Um, so I think this, yes, it’s been a boom. I think if you really want to disaggregate that, the boom has really been in leisure. And that’s now normalizing seasonally because last year Omicron killed the first quarter, and then the second and third quarters had so much pent-up demand.

Now this year, things are going back to a more normal kind of seasonal profile. But group business is really just booming at this point as we look into next year.

Case in point, [points at audience] right? You’re all here for a reason. You could do it. You could just, you know, plug in but you’re not. Why is that? You can answer that for yourselves.

That’s happening across so many companies and organizations, and associations. The power of human connection can never be underestimated. And I think that’s what Bill Gates missed. He really missed the idea that human-to-human connection is actually the essence of what makes creativity work, where it makes personal relationships rich and enduring and really elevates sort of the human spirit. So that’s super powerful stuff.

And I think that’s what’s going to sustain travel now.

So I don’t think that I think we’re going to start to normalize, but I see no evidence of rate declines that are going to be significant. I see we have significant gaps still relative to pre-pandemic levels in occupancies.

And world travel, that is, international cross-border travel. America to Europe and vice versa? All good.

Asia is at a fraction of what it used to be. So that’s the next big incremental travel base that I think is going to sustain us into further sustained performance.

O’Neill: Cool. So it’s been busy in the five years since you were most recently at Skift Global Forum. In those five years, you’ve revved up the metabolism of Hyatt. So it now has the fastest hotel development pipeline of any of the major hotel groups. You’ve doubled the number of luxury properties you’ve had. Tripled the number of all inclusives. Quadrupled the number of lifestyle hotels.

I did a snap poll question of a friend of mine. I was saying like, what does Hyatt mean to you? And the first association was JPMorgan having a holiday party at an urban hotel within a glass atrium.

Your strategy seems to have pivoted. So what should we understand about your strategy?

Hoplamazian: Yeah, I think, frankly, the strategy was derived from the customer base that we serve and what their needs are.
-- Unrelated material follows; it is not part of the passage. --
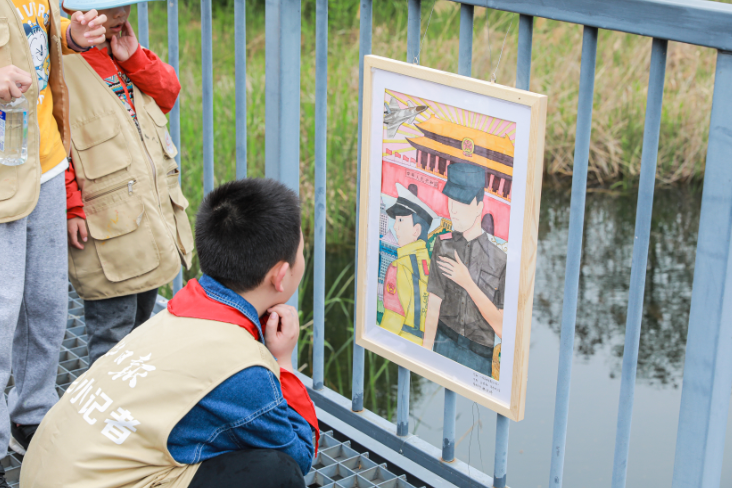 学生驻足欣赏以国家安全为主题的画作。

Every … everything that we’ve ever looked at buying as an M&A matter or developing has been through the lens of the customer base that we can serve, a customer base that we know well but want to know better and deeper and broader.

And secondly, if it is a customer base that is similar to our existing customer base, which is at a high end, I mean, we serve more high-end travelers than we do the full measure of all travelers across all the segments in our industry, if they’re at that higher level of spend rate, is it an expansion of our existing customer base?

I’ll just give you a couple of examples. I mean, we’ve done quite a few deals. We bought Miraval, we bought Two Roads Hospitality, which brought Thompson Hotels and Joie de Vivre, Alila Hotels & Resorts and Destination Hotels. Then we bought Apple Leisure Group.

In all cases, we started with these questions: “What’s going on with the customer base? Is this something we can understand, and how do we actually evaluate the culture of the company?”

Because the underlying culture is critical. When culture is going well, anything is possible. And when culture is kind of like fits together like this [gestures two hands not connecting] nothing is possible. Everything just stops and you end up with friction, and it’s not good.

So thankfully, we actually, I think, evaluated those, at least those three acquisitions, correctly.

But in the case of Dream Hotel Group, which is our most recent acquisition, it had a very similar demographic from an income household income level, 20 years younger as the average age of guests.

So we thought, well, that’s an interesting dynamic because that’s an expansion of a customer group, sort of the generation below, if you will, of the average age of customers across our system. But, they’re high earners, and they travel a lot, and they spend a lot on travel. So we thought, okay, this is a fantastic opportunity to actually broaden our reach and really engage in that way.

But we did look through the lens of absolutely deciding we needed many more resorts and leisure-focused hotels. Two Roads Hospitality, in general, was 75% focused on leisure, 25% focused on business. Hyatt was exactly the inverse of that. We were at that time 25% leisure and 75% business.

Apple and Leisure Group is nothing but a resort company. I mean, it’s all leisure.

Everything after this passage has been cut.